Given information START

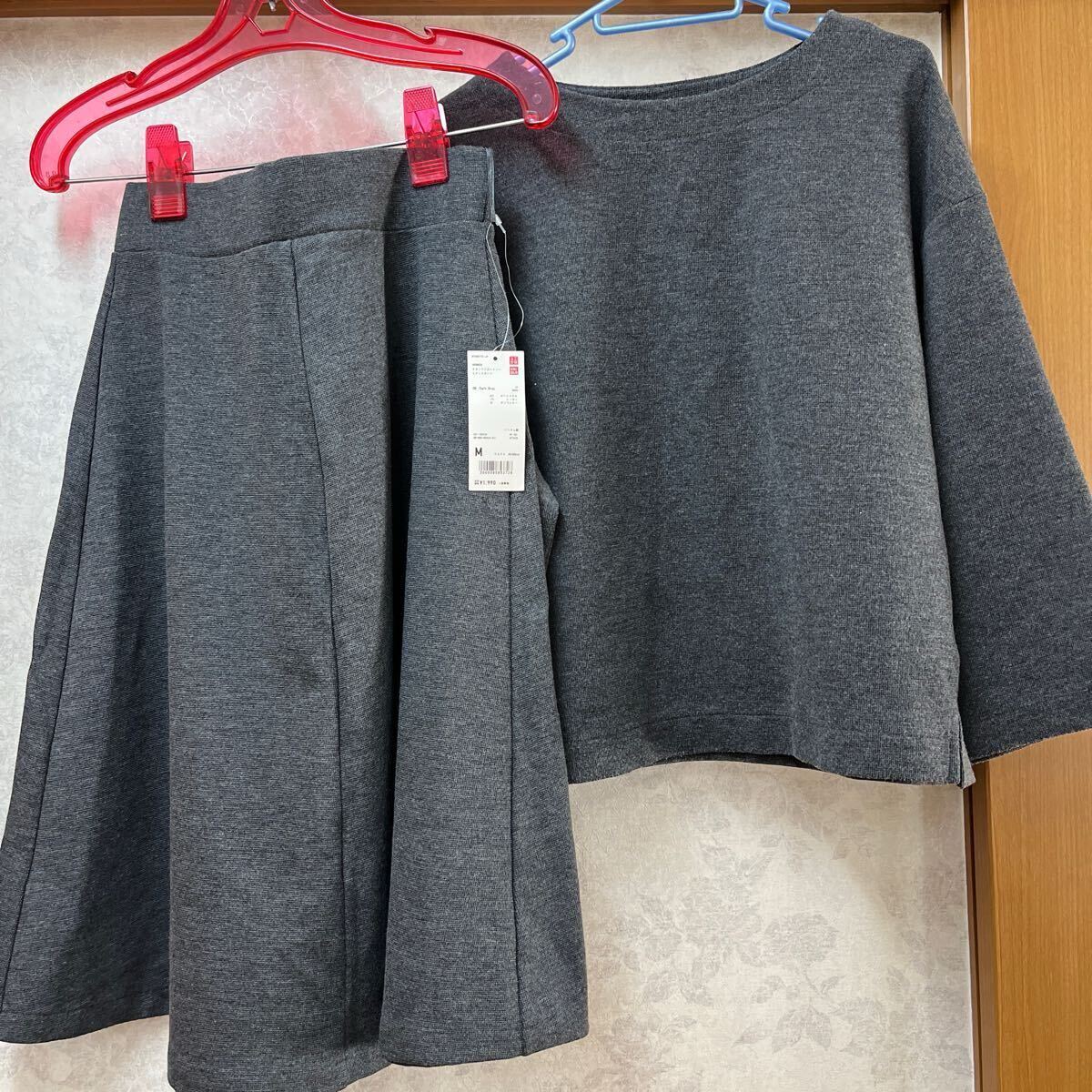 > ★UNIQLO★ユニクロ M ミラノリブカットソー&ミディスカート セットアップ スカートのみ新品タグ付き グレー 長袖 フレアスカートゴム
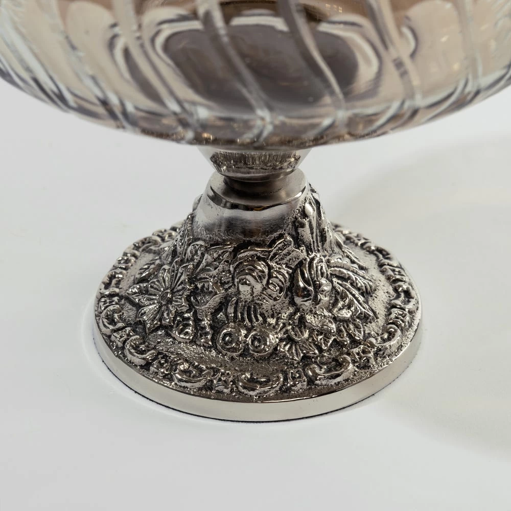 Embrace the divine spirit of Ramadan with this exquisite decor jar and transform your living space into a luxurious oasis. With smoke-cut glass construction adorned with an intricate design and lacquer finish, this antique decor jar features a lid that brings a feeling of magnificence to any space. Place it alongside your sofa for an elegant look, or use it as a decorative centrepiece to accessorise your table.
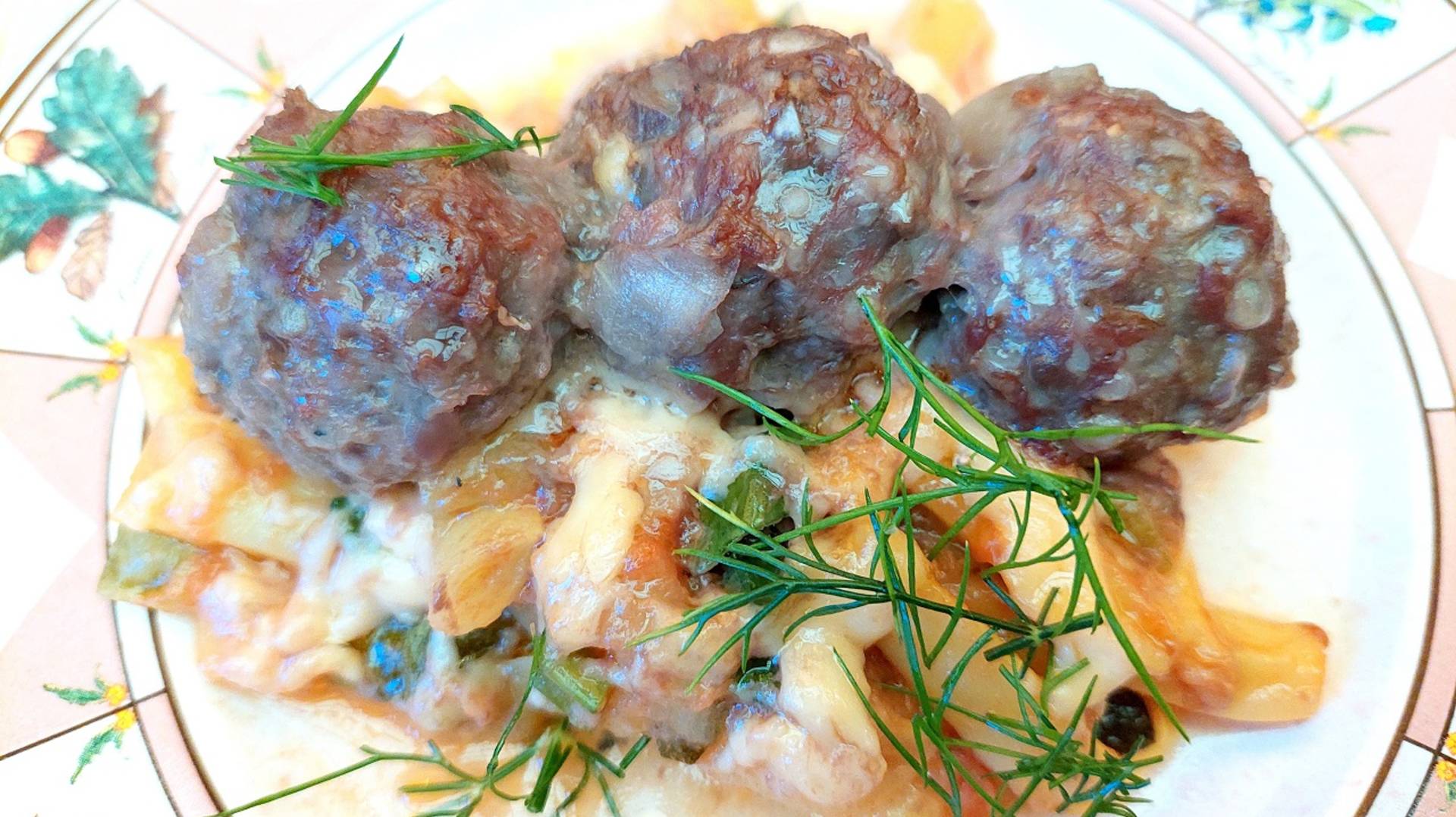 Кабачки запеченные со спаржевой фасолью и фрикадельками. Прекрасное овощное ассорти.
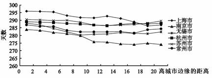 (山东省淄博市2010届高三上学期第一次月考)下图为六城市边缘区植被生长期变化坐标图,读图完成第8-9题。

Given information END

■ **About this exercise**: Exactly as written, return every line of the listing, but not the pictures.

■ **Problem solution**:
 > ★UNIQLO★ユニクロ M ミラノリブカットソー&ミディスカート セットアップ スカートのみ新品タグ付き グレー 長袖 フレアスカートゴム
 Embrace the divine spirit of Ramadan with this exquisite decor jar and transform your living space into a luxurious oasis. With smoke-cut glass construction adorned with an intricate design and lacquer finish, this antique decor jar features a lid that brings a feeling of magnificence to any space. Place it alongside your sofa for an elegant look, or use it as a decorative centrepiece to accessorise your table.
 Кабачки запеченные со спаржевой фасолью и фрикадельками. Прекрасное овощное ассорти.
 (山东省淄博市2010届高三上学期第一次月考)下图为六城市边缘区植被生长期变化坐标图,读图完成第8-9题。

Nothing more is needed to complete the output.